---------- Records provided

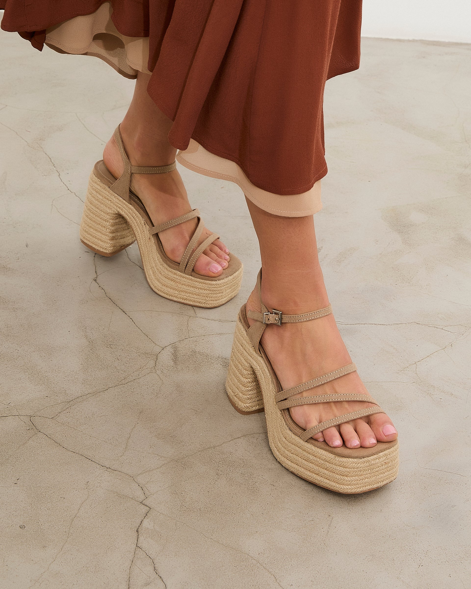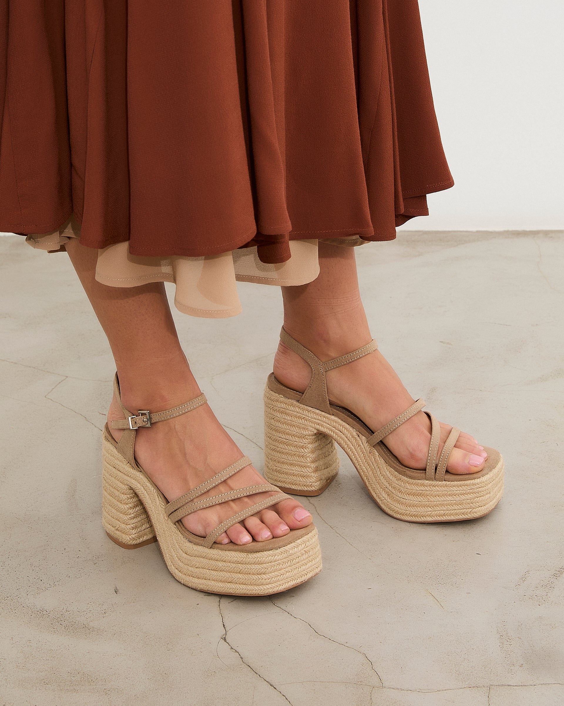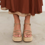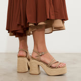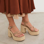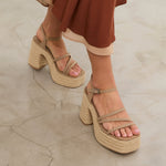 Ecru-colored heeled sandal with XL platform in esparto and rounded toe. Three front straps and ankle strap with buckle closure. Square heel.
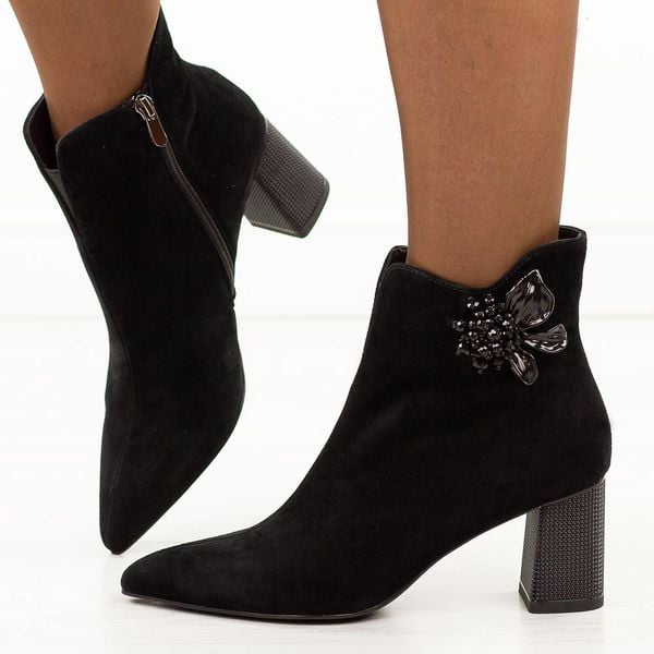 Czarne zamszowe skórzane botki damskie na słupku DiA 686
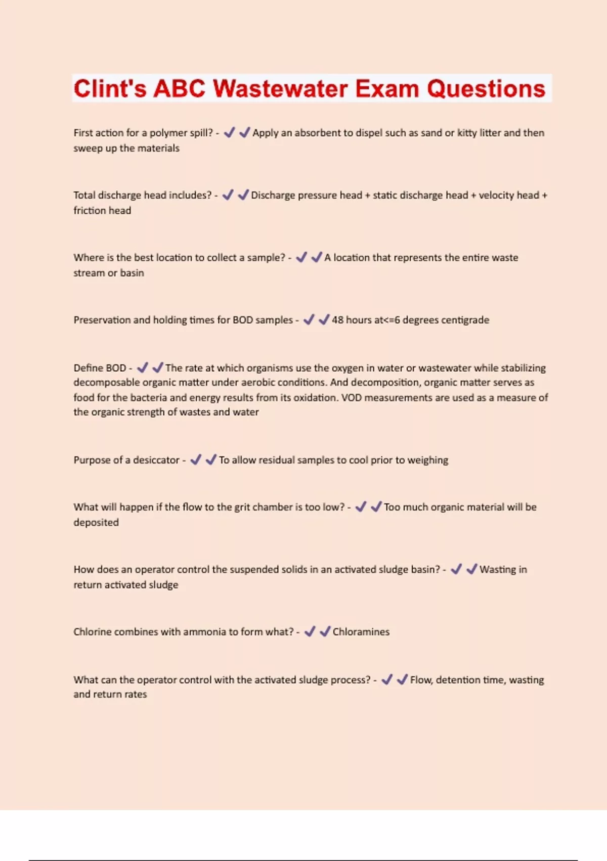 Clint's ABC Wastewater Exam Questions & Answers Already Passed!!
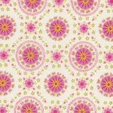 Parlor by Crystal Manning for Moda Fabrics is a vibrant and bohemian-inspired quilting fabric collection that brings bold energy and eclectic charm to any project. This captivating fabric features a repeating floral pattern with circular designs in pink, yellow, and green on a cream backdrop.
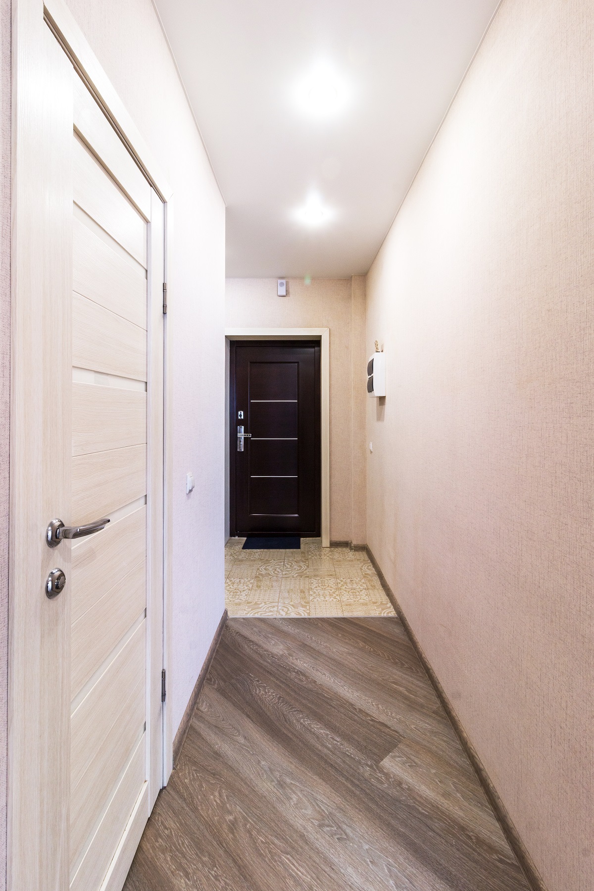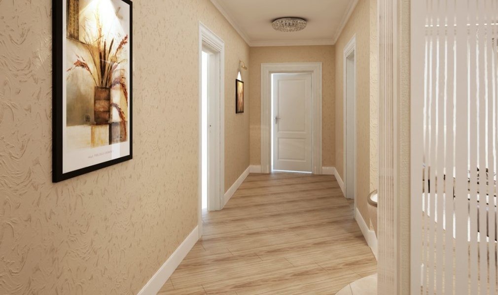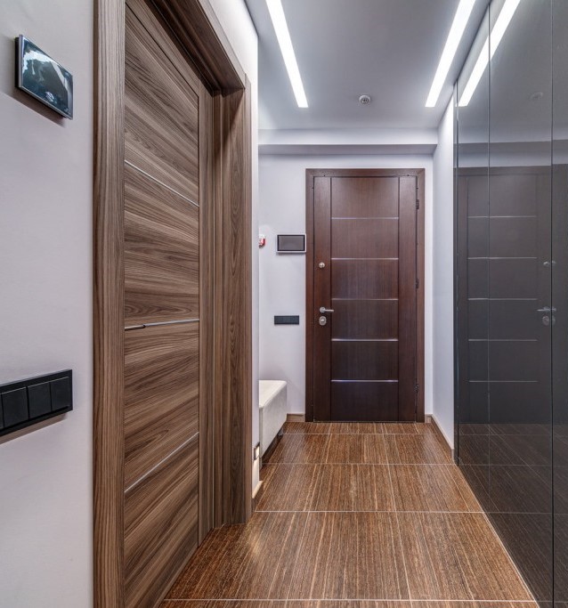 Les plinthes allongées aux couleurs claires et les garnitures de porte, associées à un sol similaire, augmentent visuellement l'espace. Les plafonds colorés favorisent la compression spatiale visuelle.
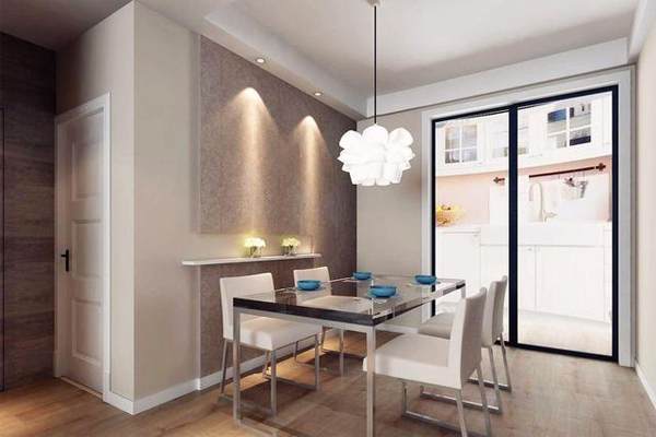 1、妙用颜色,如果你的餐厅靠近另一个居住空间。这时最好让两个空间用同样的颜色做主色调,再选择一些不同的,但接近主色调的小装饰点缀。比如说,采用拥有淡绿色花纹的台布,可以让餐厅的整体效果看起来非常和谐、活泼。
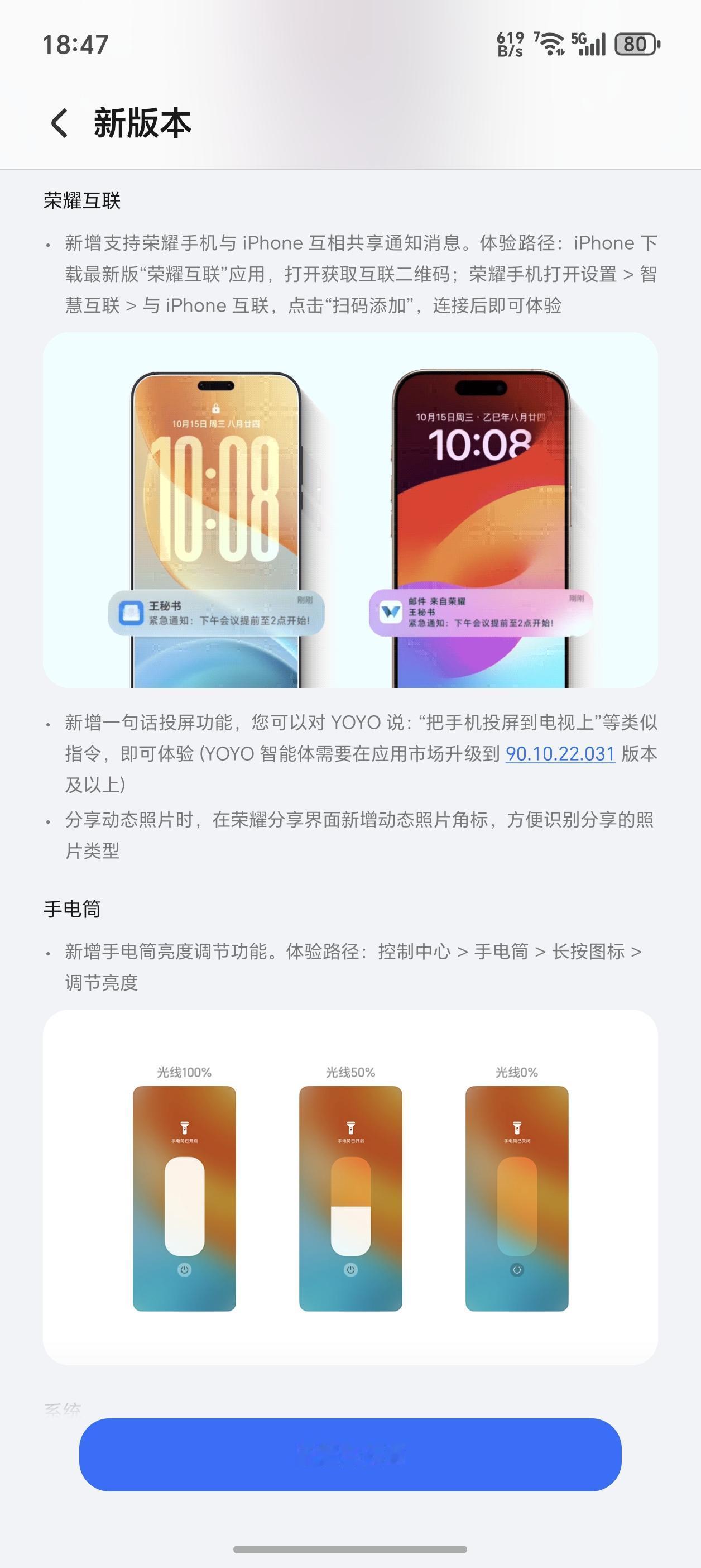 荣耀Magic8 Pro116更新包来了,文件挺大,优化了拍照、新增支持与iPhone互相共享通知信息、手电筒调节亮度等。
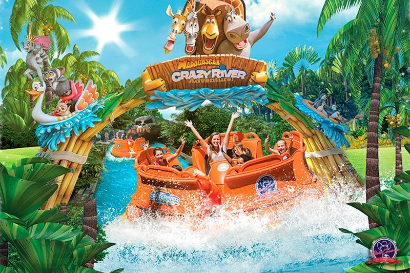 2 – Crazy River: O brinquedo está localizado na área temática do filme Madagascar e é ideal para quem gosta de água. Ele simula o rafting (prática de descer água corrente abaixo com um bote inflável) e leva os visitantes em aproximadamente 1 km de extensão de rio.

--------------------

Assigned task: Give again, word for word, the lines above from the one with "Clint's ABC Wastewater" through the final line of the data, both ends included. Do not copy any picture.

Result below:
 Clint's ABC Wastewater Exam Questions & Answers Already Passed!!
 Parlor by Crystal Manning for Moda Fabrics is a vibrant and bohemian-inspired quilting fabric collection that brings bold energy and eclectic charm to any project. This captivating fabric features a repeating floral pattern with circular designs in pink, yellow, and green on a cream backdrop.
 Les plinthes allongées aux couleurs claires et les garnitures de porte, associées à un sol similaire, augmentent visuellement l'espace. Les plafonds colorés favorisent la compression spatiale visuelle.
 1、妙用颜色,如果你的餐厅靠近另一个居住空间。这时最好让两个空间用同样的颜色做主色调,再选择一些不同的,但接近主色调的小装饰点缀。比如说,采用拥有淡绿色花纹的台布,可以让餐厅的整体效果看起来非常和谐、活泼。
 荣耀Magic8 Pro116更新包来了,文件挺大,优化了拍照、新增支持与iPhone互相共享通知信息、手电筒调节亮度等。
 2 – Crazy River: O brinquedo está localizado na área temática do filme Madagascar e é ideal para quem gosta de água. Ele simula o rafting (prática de descer água corrente abaixo com um bote inflável) e leva os visitantes em aproximadamente 1 km de extensão de rio.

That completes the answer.